Sarah sipped at her diet Coke while her mom and Steve ordered from the menu. Falling for the waiter with bulging biceps and a five o’clock shadow, she imagined herself French kissing him outside her locker in school. Her friends would swoon around him, especially Katey, who always felt the need to compete for the chance to date the hottest guys in school.

“And you?” the waiter asked, shifting his gaze to Sarah.

Sarah froze in the process of ordering the Caesar’s salad. She choked on her teenage inhibitions, her words lodged in her throat as she pointed her finger at the menu’s printed text.

“Is that it?” the waiter asked.

Sarah blushed. This time she managed to eke out a simple, “Yes.” She knew Mom was thinking the same thing she was. The waiter surpassed hunk status and entered the category of pure beefcake.

* * *

“I’ll take a bottled water,” Steve piped up before the waiter left. Confused by the mother-daughter vibe at the table, he snapped his fingers in Sarah’s face and said, “Don’t even think about it. His middle name is ‘Trouble.'”

“How do you know?”

“Intuition,” Steve said coyly.

“He’s harmless,” said Leslie. She rubbed the back of Steve’s neck where his hair had grown beyond the short bristle stage.

Steve smirked. “Why do girls always go for the bad boys?”

Sarah covered her face in her hands. “If you guys are going to talk about sex, do it somewhere else.”

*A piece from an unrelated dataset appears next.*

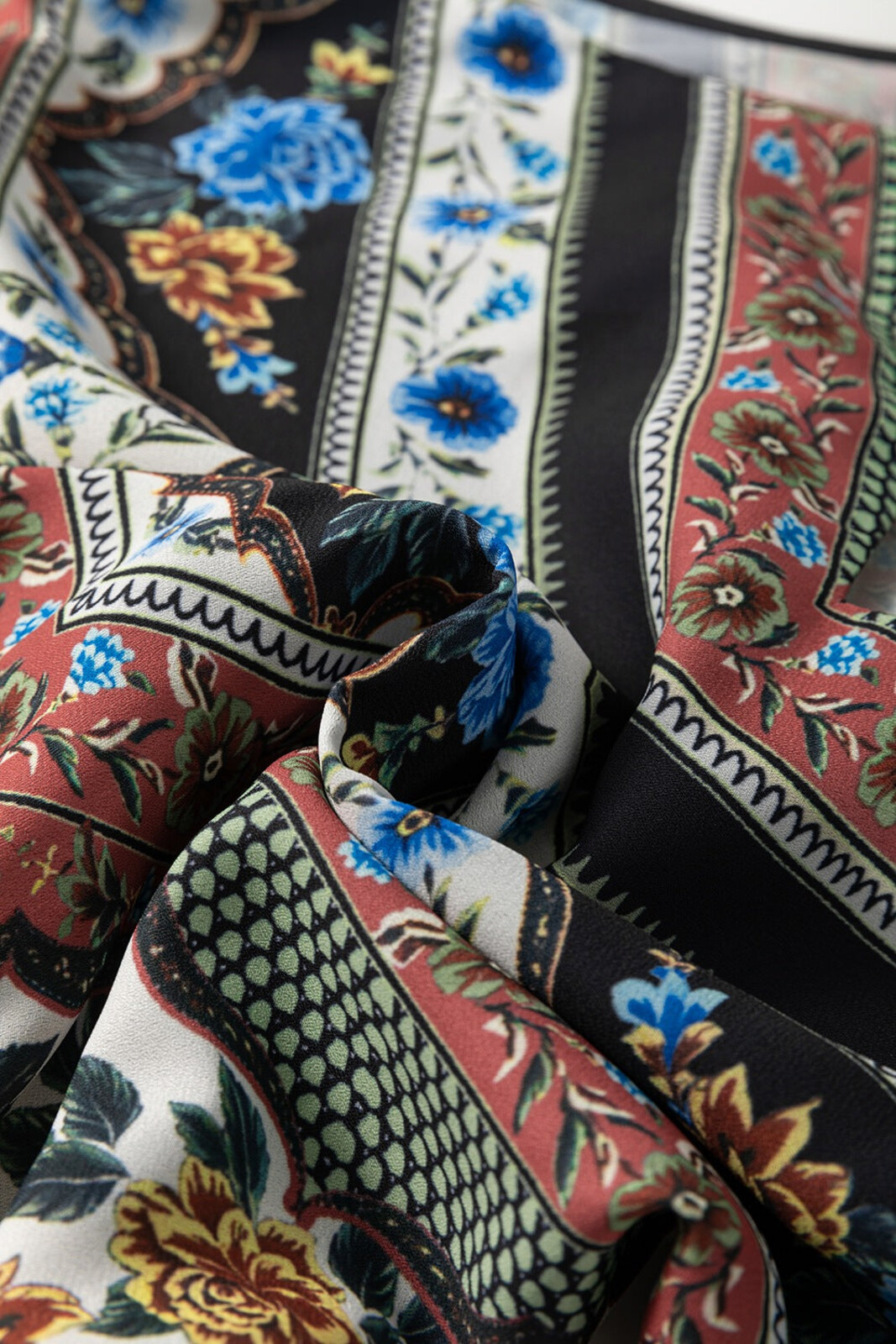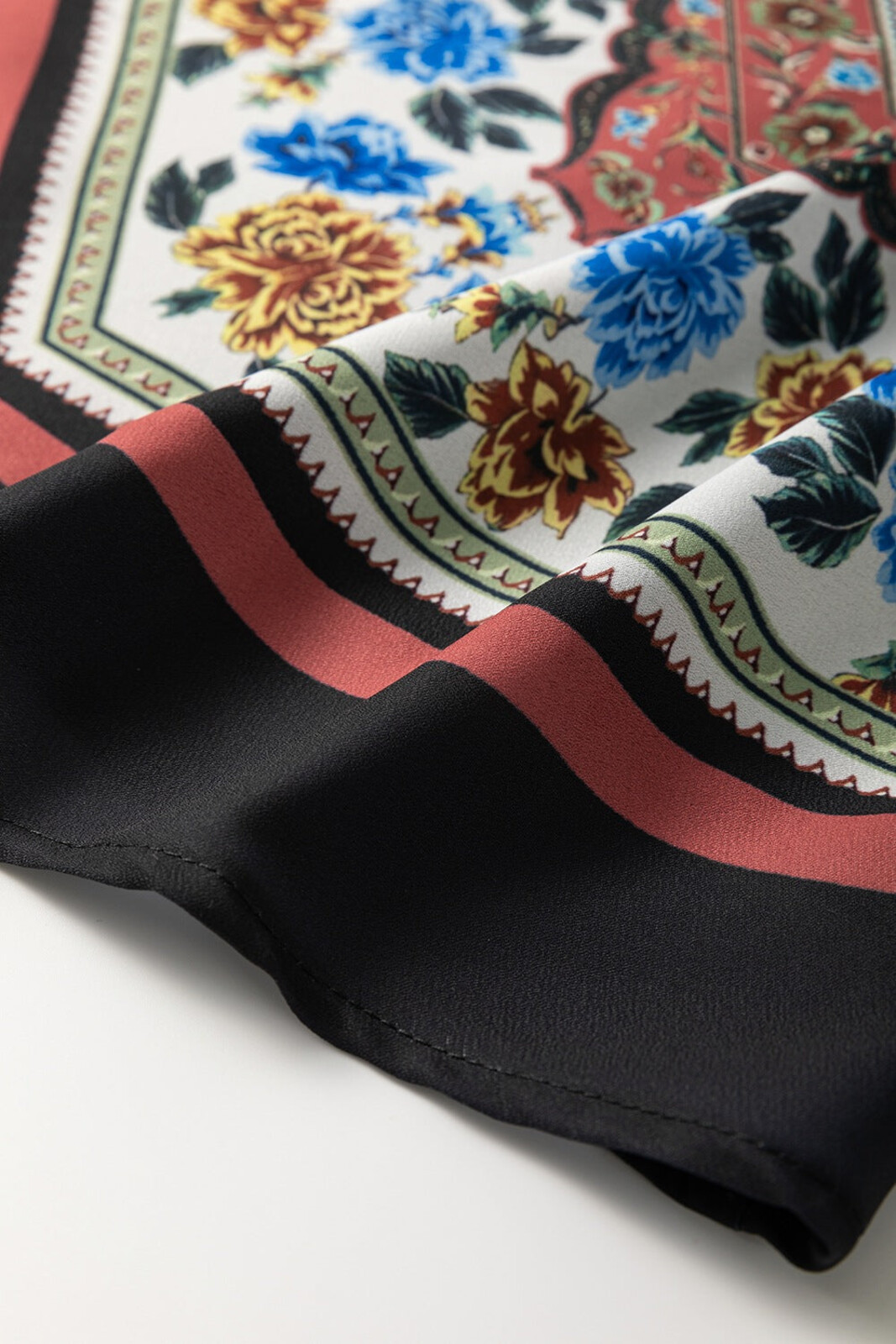 Handkerchief hemlines - it's like wearing a little party on your torso, really. The Botanical Harmony top delivers that delight in a way that's equal parts bohemian and cosmopolitan chic. That kind of fusion makes you think you could wear this out for a girl's brunch, or for shopping at the mall, and maybe even at work if the dress code isn't too stuffy. The material has a beautiful sheen, which is nice because it plays off the intricacy of the prints and elevates the overall look. The V-neck paired with adjustable thin straps gives it that universally flattering form - don't even get started on how it adds length to the neck. It’s got this touch of daring but also feels very comfortable to wear with its soft touch and easy fit. There’s a richness in the detailed prints that can be described as ornate. And, somehow there’s an air of luxury about it too with those delicate patterns and ornate borders.

This time Leslie blushed, surprised by her daughter’s timely comment. She changed the topic of conversation and refocused her attention on Steve. “Did you catch the dive boat this afternoon while we were shopping?” she asked.

“Not this time. I did a solo dive instead.”

Leslie shifted in her seat. “You told me you wouldn’t dive alone anymore.”

“I said I’d think about it. You knew I was bringing the equipment.”

“How long were you under?”

“A little over four hours.”

“That’s too long. Too dangerous.”

“The conditions were perfect.”

“This time. But what about next time? What happens when you get in trouble and there’s no one to help you?”

“Won’t happen.”

Leslie played with her napkin. “That’s a bunch of macho bullshit. You think you’re immortal and you’re not.”

Steve scratched the corner of his mouth. “It’s not a toy. It’s a very sophisticated underwater breathing apparatus used successfully for years—”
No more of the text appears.